Every line below between the one holding "路边客栈的阿哥阿妹边弹边唱侗族大唱,犹如天籁之音,吸引了游人将路挤得水泄不通。" and the one holding "Fun Facts: •", inclusive, should be copied exactly, and no other line.

**DATASET RECORDS:**
------------------------------------

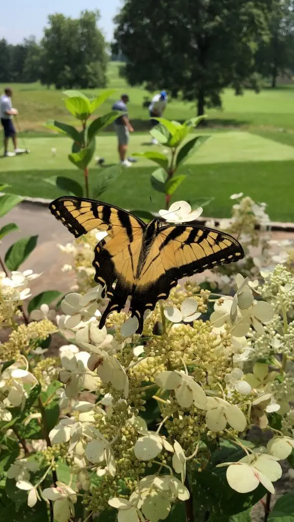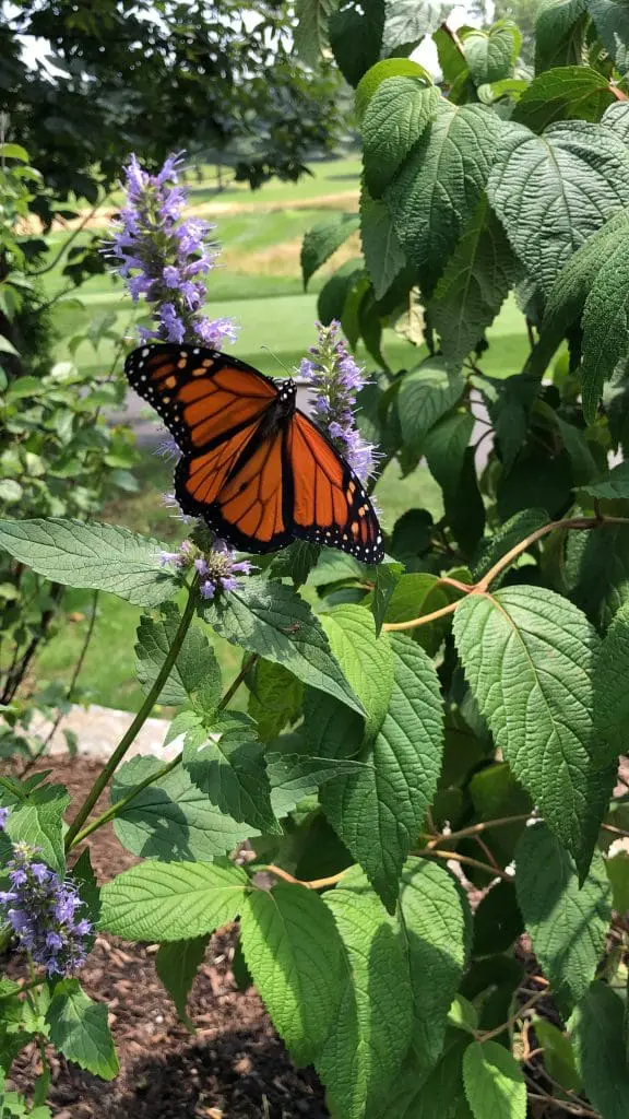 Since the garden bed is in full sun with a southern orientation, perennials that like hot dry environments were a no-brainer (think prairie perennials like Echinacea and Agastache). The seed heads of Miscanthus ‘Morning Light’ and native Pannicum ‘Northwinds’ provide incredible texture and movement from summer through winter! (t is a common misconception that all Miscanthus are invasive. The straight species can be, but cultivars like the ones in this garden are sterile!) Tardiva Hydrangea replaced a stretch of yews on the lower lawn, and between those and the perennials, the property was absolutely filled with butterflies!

------------------------------------

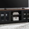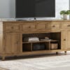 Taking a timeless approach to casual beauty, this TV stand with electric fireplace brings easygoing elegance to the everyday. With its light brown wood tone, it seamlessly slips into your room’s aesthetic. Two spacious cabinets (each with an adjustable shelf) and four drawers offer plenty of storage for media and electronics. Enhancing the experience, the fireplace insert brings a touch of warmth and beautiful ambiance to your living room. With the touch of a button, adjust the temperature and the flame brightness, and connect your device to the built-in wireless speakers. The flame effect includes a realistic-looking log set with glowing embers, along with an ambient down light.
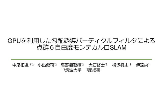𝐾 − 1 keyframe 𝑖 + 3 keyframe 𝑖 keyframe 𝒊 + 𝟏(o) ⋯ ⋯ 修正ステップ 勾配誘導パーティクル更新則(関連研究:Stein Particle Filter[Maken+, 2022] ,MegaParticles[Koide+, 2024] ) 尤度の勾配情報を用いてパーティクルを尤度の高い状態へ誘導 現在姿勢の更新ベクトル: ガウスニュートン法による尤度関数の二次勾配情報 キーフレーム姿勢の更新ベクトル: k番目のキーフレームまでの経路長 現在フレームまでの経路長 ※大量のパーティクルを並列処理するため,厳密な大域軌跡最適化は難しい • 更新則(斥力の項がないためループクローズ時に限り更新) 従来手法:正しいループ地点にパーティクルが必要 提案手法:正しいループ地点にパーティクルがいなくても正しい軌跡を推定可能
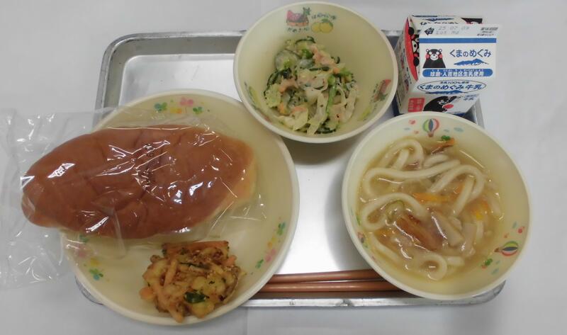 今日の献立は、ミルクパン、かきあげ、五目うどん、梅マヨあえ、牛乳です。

------------------------------------

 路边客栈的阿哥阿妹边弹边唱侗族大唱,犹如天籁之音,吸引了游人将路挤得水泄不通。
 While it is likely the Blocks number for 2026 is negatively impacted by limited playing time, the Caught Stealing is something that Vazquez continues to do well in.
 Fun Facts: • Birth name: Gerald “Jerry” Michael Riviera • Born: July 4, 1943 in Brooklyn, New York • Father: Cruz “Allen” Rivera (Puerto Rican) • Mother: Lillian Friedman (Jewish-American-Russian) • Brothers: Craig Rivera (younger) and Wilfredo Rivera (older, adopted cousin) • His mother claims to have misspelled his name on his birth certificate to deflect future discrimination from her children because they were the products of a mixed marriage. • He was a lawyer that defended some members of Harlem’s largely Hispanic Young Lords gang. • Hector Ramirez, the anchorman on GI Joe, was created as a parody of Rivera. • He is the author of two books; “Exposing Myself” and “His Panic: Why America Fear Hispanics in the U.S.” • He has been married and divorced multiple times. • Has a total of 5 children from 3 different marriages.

------------------------------------

**TASK RESULT:**
 路边客栈的阿哥阿妹边弹边唱侗族大唱,犹如天籁之音,吸引了游人将路挤得水泄不通。
 While it is likely the Blocks number for 2026 is negatively impacted by limited playing time, the Caught Stealing is something that Vazquez continues to do well in.
 Fun Facts: • Birth name: Gerald “Jerry” Michael Riviera • Born: July 4, 1943 in Brooklyn, New York • Father: Cruz “Allen” Rivera (Puerto Rican) • Mother: Lillian Friedman (Jewish-American-Russian) • Brothers: Craig Rivera (younger) and Wilfredo Rivera (older, adopted cousin) • His mother claims to have misspelled his name on his birth certificate to deflect future discrimination from her children because they were the products of a mixed marriage. • He was a lawyer that defended some members of Harlem’s largely Hispanic Young Lords gang. • Hector Ramirez, the anchorman on GI Joe, was created as a parody of Rivera. • He is the author of two books; “Exposing Myself” and “His Panic: Why America Fear Hispanics in the U.S.” • He has been married and divorced multiple times. • Has a total of 5 children from 3 different marriages.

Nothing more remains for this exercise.